> [Work instruction] In the material below, begin at the line that has "温州2025学年第一学期新希望联盟八年级科学期中试卷(扫描附答案)", stop after the line that has "современные направления моды", and transcribe those lines exactly, without pictures.

> [Records provided]
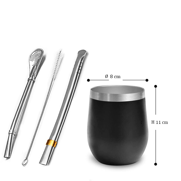 Calebasse moderne en acier inoxydable + 2 bombillas en acier inoxydable également + 1 couvercle permettant de maintenir la chaleur + 1 goupillon de nettoyage.
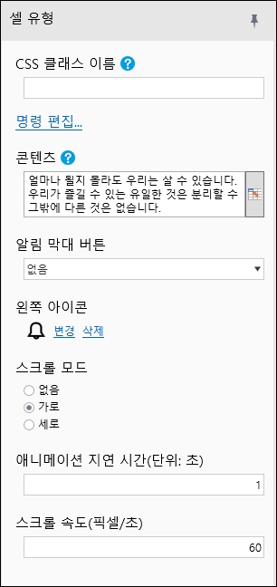 스크롤 속도(px/s), 가로 모드 에서 작동
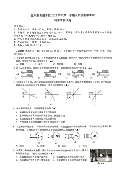 温州2025学年第一学期新希望联盟八年级科学期中试卷(扫描附答案)
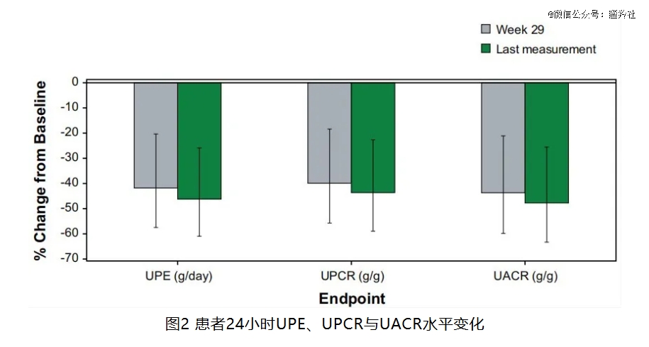 在第32周时治疗组24h-UPCR较基线下降31.4%,较安慰组下降37.4%;另外,治疗组77.2%患者观察到血尿减少,安慰剂组22.2%。
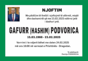 Pas një sëmundje të rëndë, të dielën në moshën 58 vjeçare ka ndërruar jetë Gafurr Podvorica.
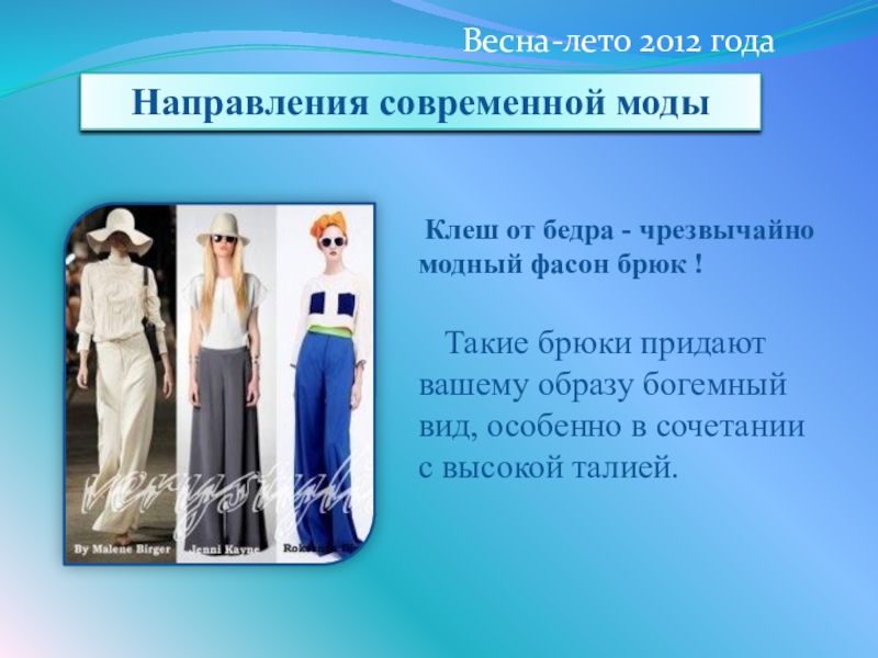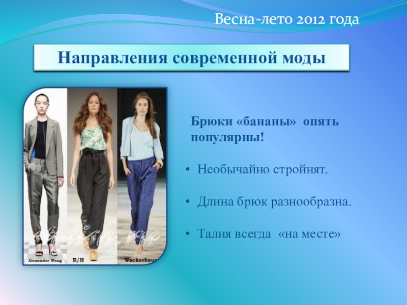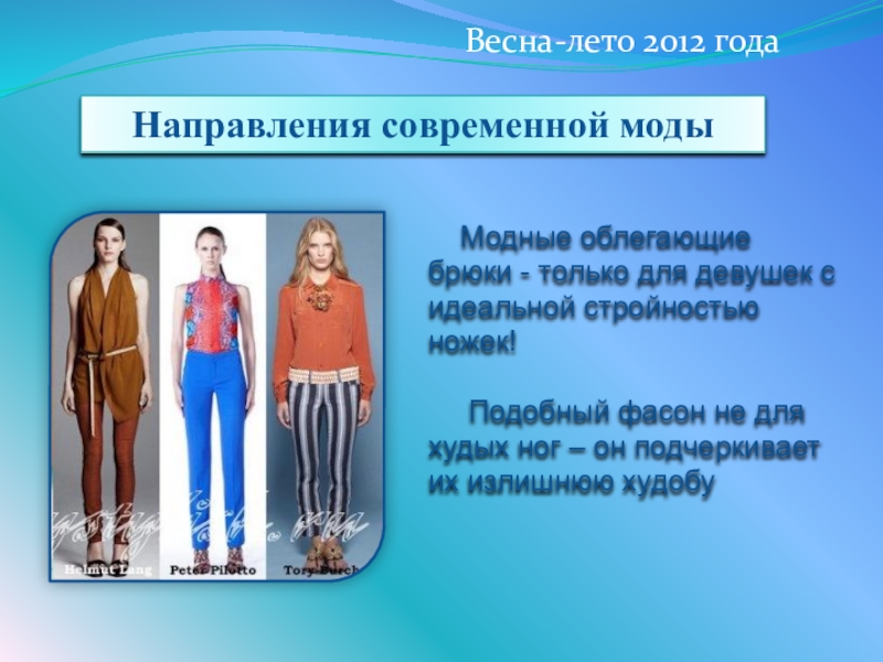 современные направления моды (весна-лето 2012 года, слайд № 8, 9, 10, 11)
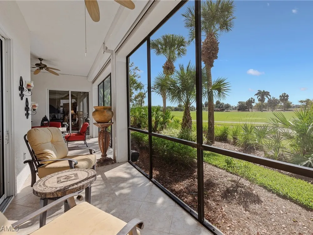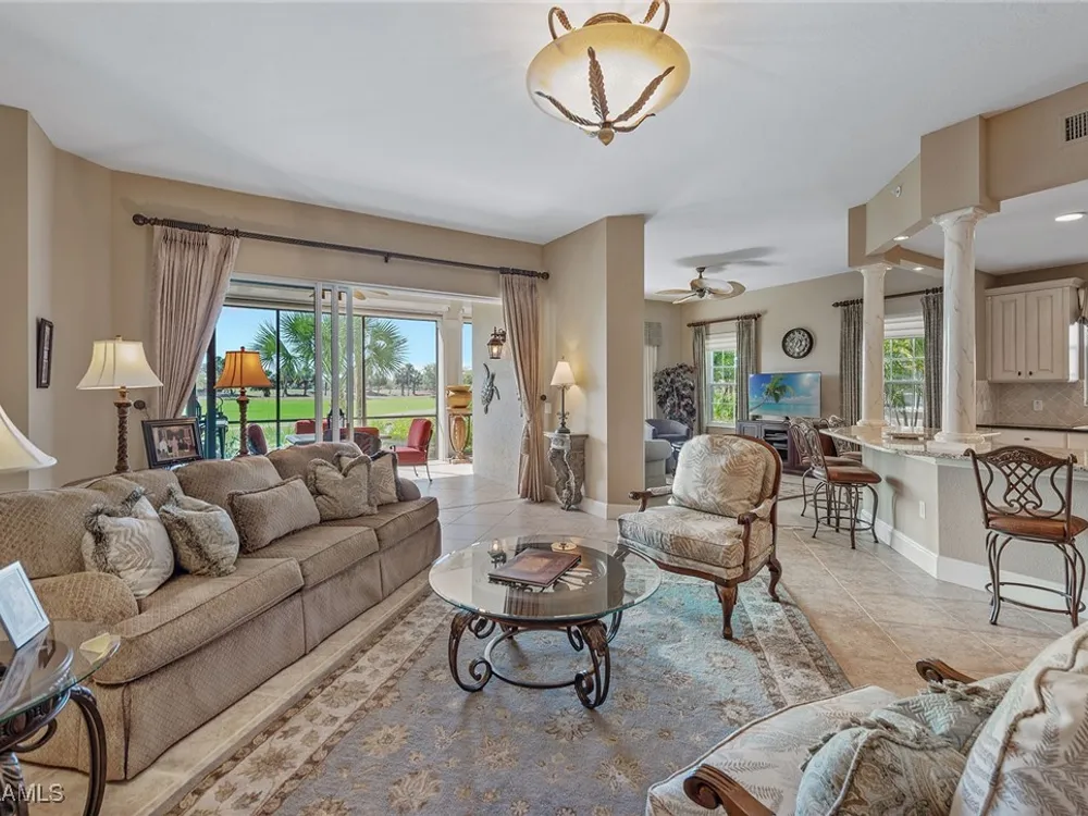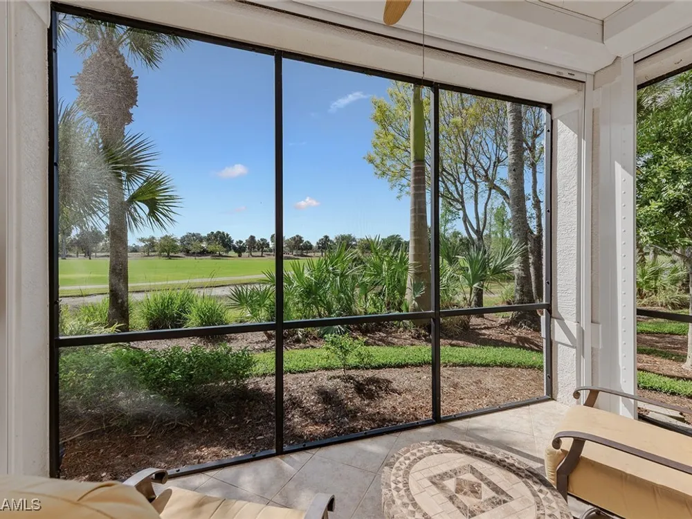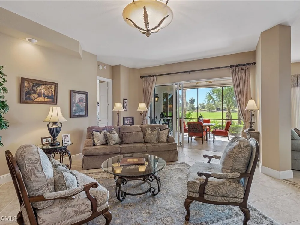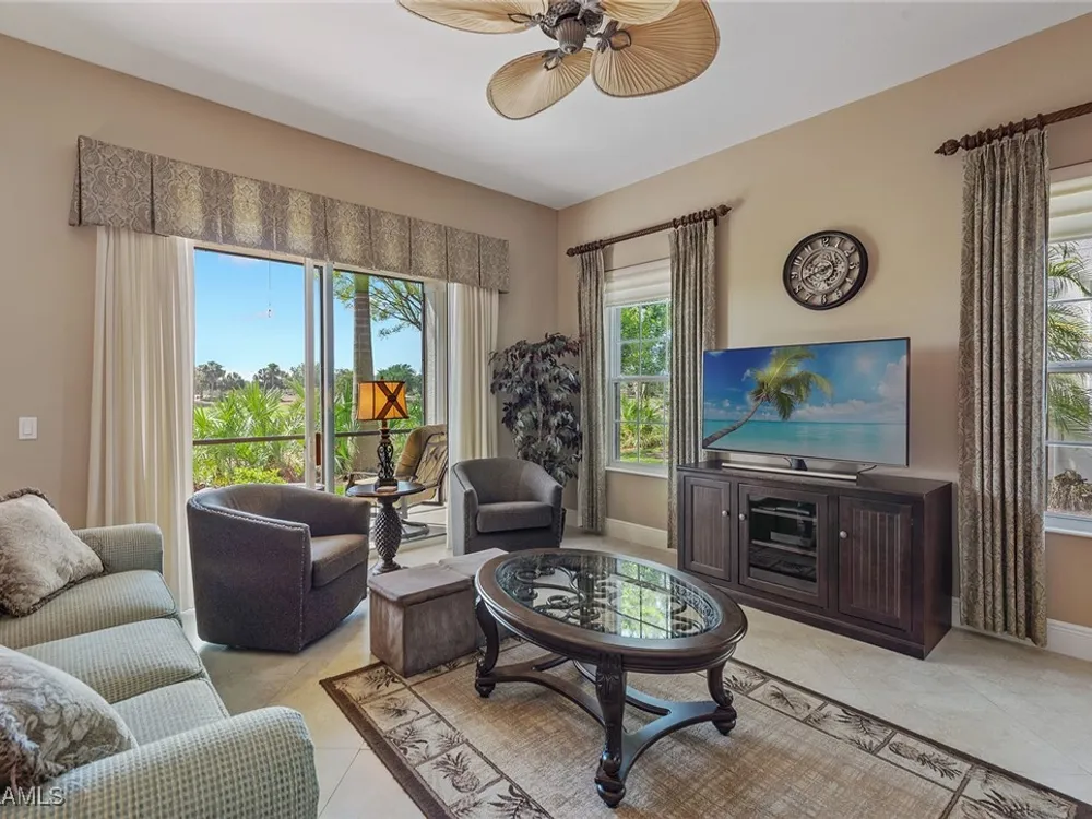 Introducing a beautifully maintained three-bedroom plus study, two full-bath coach home with two-car garage in the sought-after double-gated Cascada neighborhood of Fiddler’s Creek. Ideally on the first floor, this end-unit offers tranquil southeastern golf course views, an inviting courtyard entry, and a functional layout designed for comfort and elegance. Tile flooring runs throughout the main living areas, creating a seamless flow between expansive living room, family room and kitchen. Offered furnished, this condominium is filled with abundant natural light, enhanced by large windows and sliding doors that frame picturesque views of the golf course from multiple vantage points, including the main living areas, lanai and primary suite. The kitchen is a central gathering space, featuring a large island ideal for casual dining or entertaining, complemented by a stylish tile backsplash, natural gas cooking and generous cabinet space. Whether you're preparing a quiet meal or hosting guests, the open-concept design connects the kitchen with the surrounding living and dining areas, offering functionality and flow. A newer HVAC system (2020) and a tankless water heater add modern efficiency and value. The primary suite is a private retreat with double door entry, two walk-in closets, featuring a primary bath with dual vanities, and a separate tub and shower. A set of double doors leads into the versatile den, ideal for a home office, media room or additional guest space. Go out to the screened lanai with electric hurricane screens and enjoy the serenity of the surrounding greenery and golf course views, an ideal spot for morning coffee or evening relaxation. The thoughtful design of this home allows for natural breezes and plenty of sunshine to fill the space throughout the day, creating a bright and airy atmosphere. Additional highlights of Cascada are the newer exterior paint, newer roof, lush landscaping, convenient village pool and a gated cul-de-sac street with no drive-through traffic. Enjoy access to world-class amenities including the award-winning Club & Spa, offering fine and casual indoor/outdoor poolside dining, fitness center with trainers and classes, resort-style pools, hot tub, spa services, sauna, steam room, bocce, an active tennis and pickleball program, and an extensive event calendar. Optional beach and marina memberships are available, and you also have the option to join the equity Creek Golf Course with new clubhouse and newly renovated golf course. Outstanding location with Publix, nail salon, hair salon, urgent care and a health food café/store coming soon, just outside the gate. Convenient to executive airport, parks, museums, kayaking, paddleboarding, beach yoga, restaurants, boutiques, art galleries and all Naples and Marco Island popular activities.
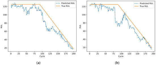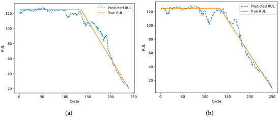 Prediction results of engines. (a) Testing engine 78 on FD003. (b) Testing engine 99 on FD003.
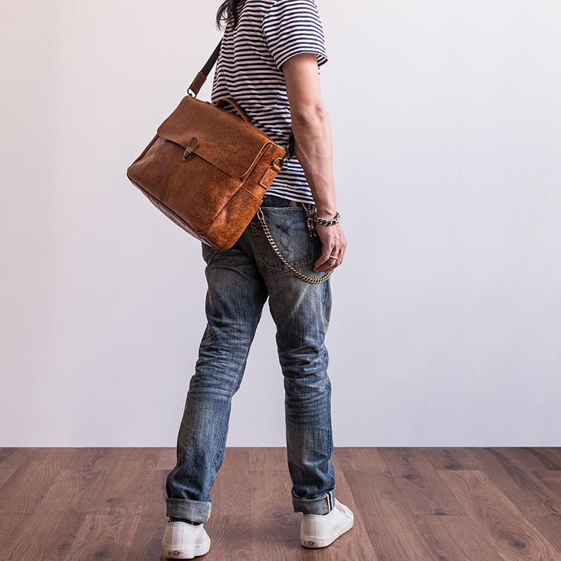 Design: Genuine Leather Mens Cool Messenger Bag Work Bag Satchel Bag Briefcase Bag for men
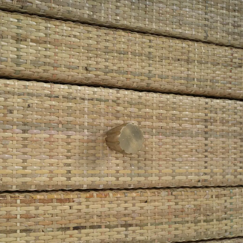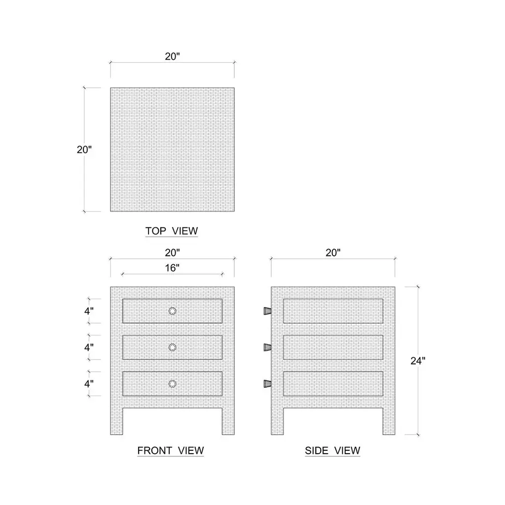 Wrapped in natural rattan, this stunning table combines modern design with coastal charm. It features three drawers for all your storage and bedside essentials. The natural rattan finish adds a touch of elegance and warmth to any room while helping to keep your room clutter-free with ample storage space. Dimensions: 20" W x 20" D x 24" H
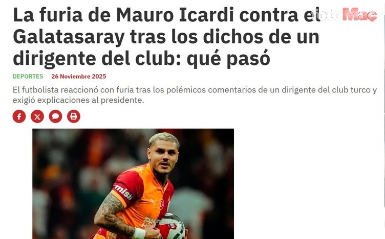 Arjantinli gazeteci, “Mauro Icardi ile Galatasaray arasındaki ilişkiler iyi değil. Hatta bir Türk yetkili, yönetim kurulu toplantısında onu eleştirdi ve konuyla ilgili yeni gelişmeler yaşanıyor. Bana söylenen, Icardi’nin birkaç gün önce Arjantin seyahatinden sonra antrenmana döndüğünde öfkeli olduğu ve kendisine yönelik yapılan yorumlar için açıklama talep ettiği.” ifadelerini kullandı.

> [Exercise result]
 温州2025学年第一学期新希望联盟八年级科学期中试卷(扫描附答案)
 在第32周时治疗组24h-UPCR较基线下降31.4%,较安慰组下降37.4%;另外,治疗组77.2%患者观察到血尿减少,安慰剂组22.2%。
 Pas një sëmundje të rëndë, të dielën në moshën 58 vjeçare ka ndërruar jetë Gafurr Podvorica.
 современные направления моды (весна-лето 2012 года, слайд № 8, 9, 10, 11)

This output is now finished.